How it works
- Set your tempo. Drag the slider, type a value, use the +/− buttons or tap the Tap button in rhythm — anywhere from 30 to 300 BPM.
- Shape the bar. Pick a time signature (2/4 to 12/8, or a custom one), tap beats to accent or mute them, and add subdivisions, swing or a different click sound.
- Press Start. The click plays with sample-accurate timing and the beat dots pulse in sync. The spacebar starts and stops it.
Features
- 30–300 BPM with tap tempo. Set the tempo by slider, keyboard, +/− buttons, or simply tap the beat and let the metronome read it.
- Time signatures & per-beat accents. Presets from 2/4 to 12/8 plus custom signatures up to 16 beats — tap any beat to accent, normalize or mute it.
- Subdivisions & swing. Add eighths, triplets or sixteenths between the beats, and dial in swing from straight (50%) to a hard shuffle (75%).
- 100% in your browser. Every click is synthesized locally with the Web Audio API — nothing to install, no account, no data sent anywhere.
FAQ
Is this online metronome free?
Yes, completely. The metronome runs in real time in your browser and doesn't consume any processing quota — no account, no daily limit, no watermark, no locked features. You can practise with it for as long as you like, every day, without ever hitting a paywall.
Does the metronome send any data to a server?
No. There's no file to upload and nothing to process remotely: every click is synthesized on your machine with the Web Audio API. Once the page is loaded, the metronome works entirely locally — your tempo, signature and settings never leave your browser.
How accurate is the timing?
Very accurate. Clicks aren't triggered by JavaScript timers (which drift); they're scheduled ahead of time on the Web Audio clock, which is sample-accurate. A lookahead scheduler keeps filling the queue, so there's no cumulative drift — even if the tab briefly stalls, the beat lands back exactly on the grid.

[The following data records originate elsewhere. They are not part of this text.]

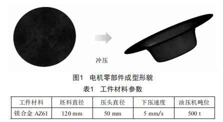 圖1展示了某電機(jī)整體裝配零部件沖壓成型工藝過程,存在相對復(fù)雜的壓邊力,有相應(yīng)研究價值及拉伸難度,本文以此零件進(jìn)行CAE成型分析與說明,工件材料參數(shù)如表1所示。
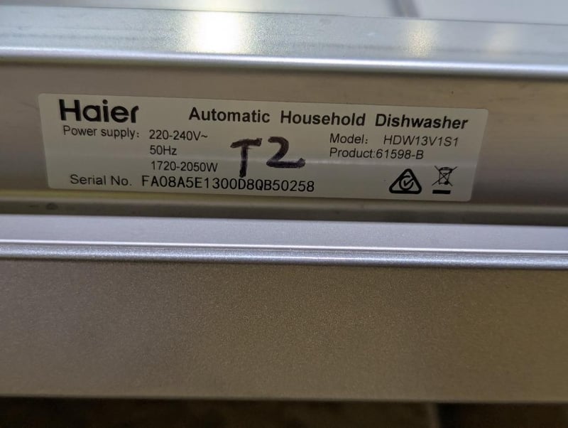 RRP: $659, Haier 300 Series Freestanding Dishwasher, Model: HDW13V1S1, S/N: FA08A5E1300D8QB50258
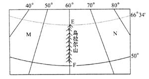 11.在一张地图上,北纬60º纬线上有两地,其图上距离是33.3厘米,地方时相差2小时,则此图的比例尺是 ( )
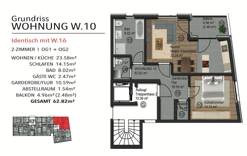 Barrierefreier Neubau mit 62,82 qm Netto-Wohnfläche, großer Balkon 4,96 qm mit Sicht zur Straße, sowie schöne Helle Räume, ein luxuriöser Bad sowie ein Gäste WC gibt der Wohnung ein Charme. Ein Tiefgaragenstellplatz gehört zur Wohnung.

What are subdivisions and swing for?
Subdivisions add clicks between the beats — eighths, triplets or sixteenths — so you can hear exactly where your notes should land at slow tempos. Swing (50–75%) lengthens the first eighth of each beat and shortens the second, turning a straight feel into a shuffle; at 67% it matches a triplet feel, as in jazz and blues.
How do I practice with a metronome?
Start slower than feels comfortable — slow enough to play the passage perfectly — then raise the tempo in small steps (3–5 BPM) only once it's clean. Use subdivisions to lock in your timing at slow tempos, then remove them. Muting beats is a great next step: silent clicks force you to keep time yourself.